Mon père aimait voir le monde heureux. C'était les seules fois où La Mère venait à bord.
" Avec toutes les pépés, faut qu'j'aie l’œil. "
Elle disait cela en riant mais, au fond, je crois qu'elle le pensait sérieusement. Le Père n'était pas un coureur, et La Mère le savait bien, mais le dire et être là, ça enlevait les mauvaises pensées !
( p 87)
Il faut le manque pour apprécier le besoin.

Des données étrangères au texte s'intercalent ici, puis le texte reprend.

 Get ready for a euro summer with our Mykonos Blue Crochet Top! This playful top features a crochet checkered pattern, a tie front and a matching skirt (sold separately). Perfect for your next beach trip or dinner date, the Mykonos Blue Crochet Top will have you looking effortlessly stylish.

Le Père, dans la cour, c’était l’attente de ma journée. Je rangeais mes affaires, j’attendais que la porte s’ouvre. Voir Le Père, l’entendre me remplissait de ce qui peut s’appeler la joie. (…) Très tôt, j’ai eu l’ambition de ressembler au Père, de faire la pêche comme lui. Je ne dirais pas que j’étais heureux, ces mots ne voulaient rien dire. J’étais Joseph, le fils du Grand Jules, le fils de Maman, Maman que j’appellerais bientôt La Mère, et dont je n’ai su le vrai prénom qu’après sa mort. (…) Jamais de grandes phrases, mais une telle présence.

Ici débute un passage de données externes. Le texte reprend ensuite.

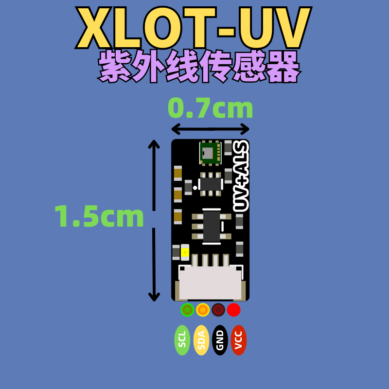 XLOT-UV Sensor 是一款高灵敏度的 UVA 与环境光检测模块,可同时测量紫外线(UV)强度与可见光亮度。它能帮助你的智能设备根据光照条件进行自动调节或提醒,是智慧穿戴、环境监测、艺术互动装置等项目的理想选择。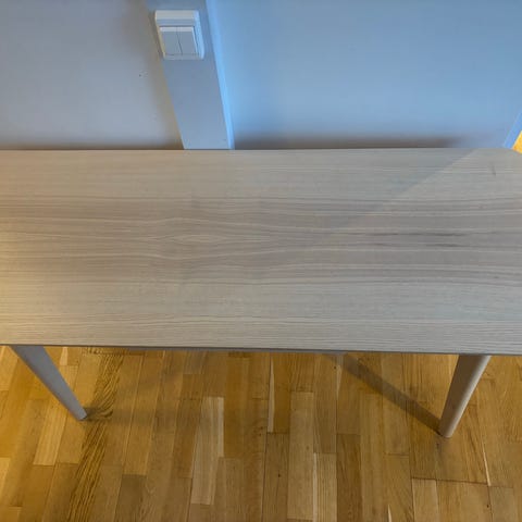 Jag säljer mitt vackra, eleganta skrivbord. Det har två utdragbara hyllor. Det finns några repor på höger sida, men inte på ovansidan.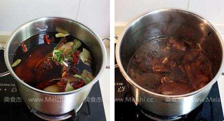 3.加入適量料酒、醬油、蔥姜、花椒、辣椒、大料、香葉、草果,大火燒開,轉小火燉2個小時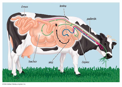 Bylinožravec (ovca) má asi 27-násobnú dĺžku tráviaceho traktu ako je dĺžka jeho tela a 25-násobnú dĺžku tenkého čreva ako je dĺžka jeho tela.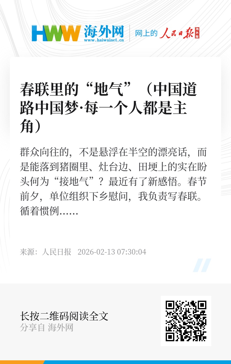 再说回春联。其实写春联,写的不仅仅是祝福,更是广大群众对这片土地的款款深情和殷殷希望,映照着每个劳动者孜孜以求的中国梦。走在这条追梦路上,像耕耘土地一样耕耘事业,弯下腰去、躬行践履,接得住地气,才能收获沉甸甸的果子、热气腾腾的日子。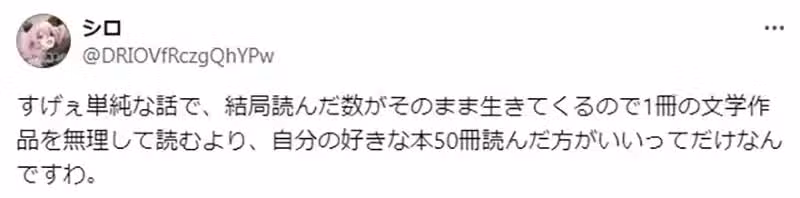 「1本跟50本來比的話,當然是後者比較會提升語文能力吧。如果你拿明治文學20本跟輕小說20本來比,我敢說就是前者了。」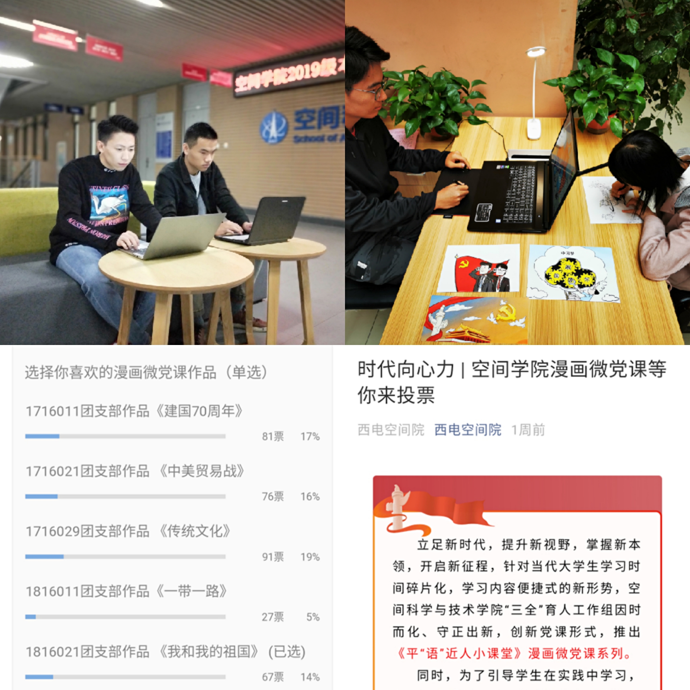 在此次漫画微党课大赛中,空间学子用自己的方式、语言和画笔,抒发爱国真情实感,传承西电红色基因,展示青年员工风采,传播青春正能量。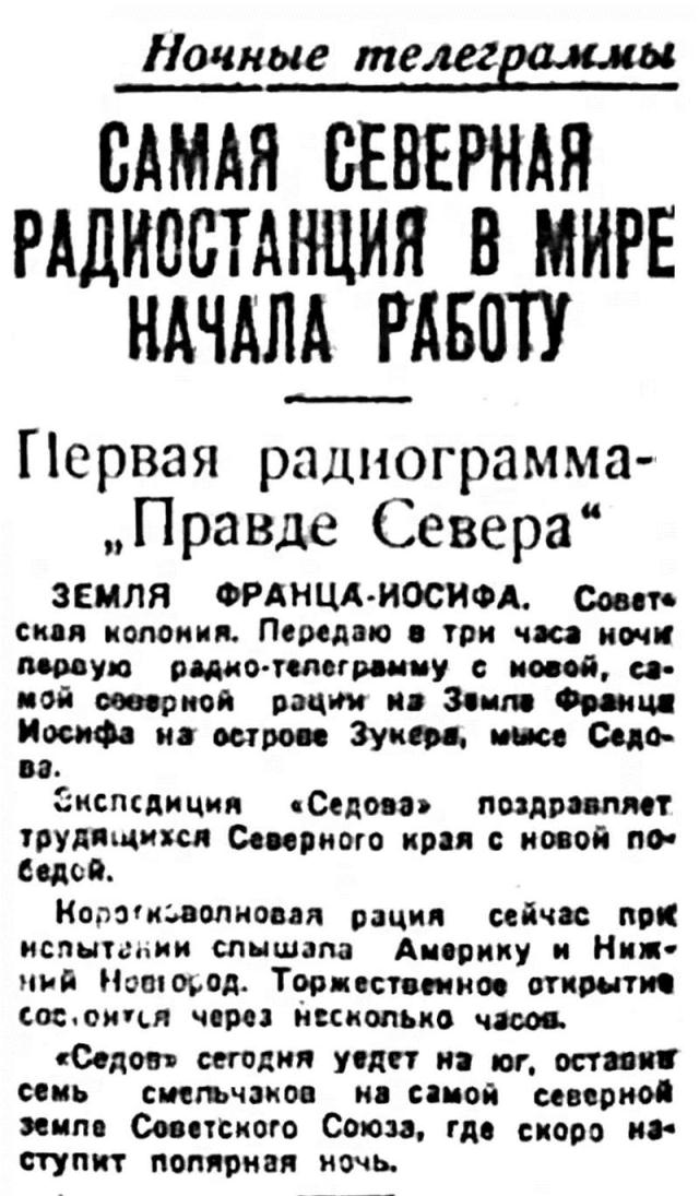 ЗЕМЛЯ ФРАНЦА-ИОСИФА. Советская колония. Передаю в три часа ночи первую радио-телеграмму с новой, самой северной рации на Земле Франца Иосифа на острове Г[З]укера, мыса Седова.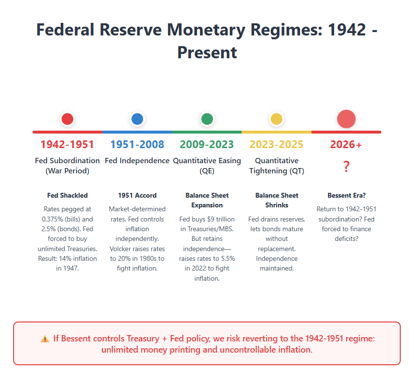 For monetary policy history buffs, here is a generally correct timeline of the monetary policy regimes discussed in this post. Graphics: Claude.

Vivre, c'est être où l'on est, pleinement, être qui on est, sans tricherie
J’aurais dû comprendre que vivre le présent, ce n’est pas sans cesse se souvenir, espérer un lendemain différent de l’instant qu’on vit. Vivre, c’est être où l’on est, pleinement, être qui ont est, sans tricherie. Mais Le Père ne pensait pas à tout ça. Le Père, c’était Le Père, le Grand Jules, le seul à avoir vu le canot d’Eugène qui allait se faire éperonner.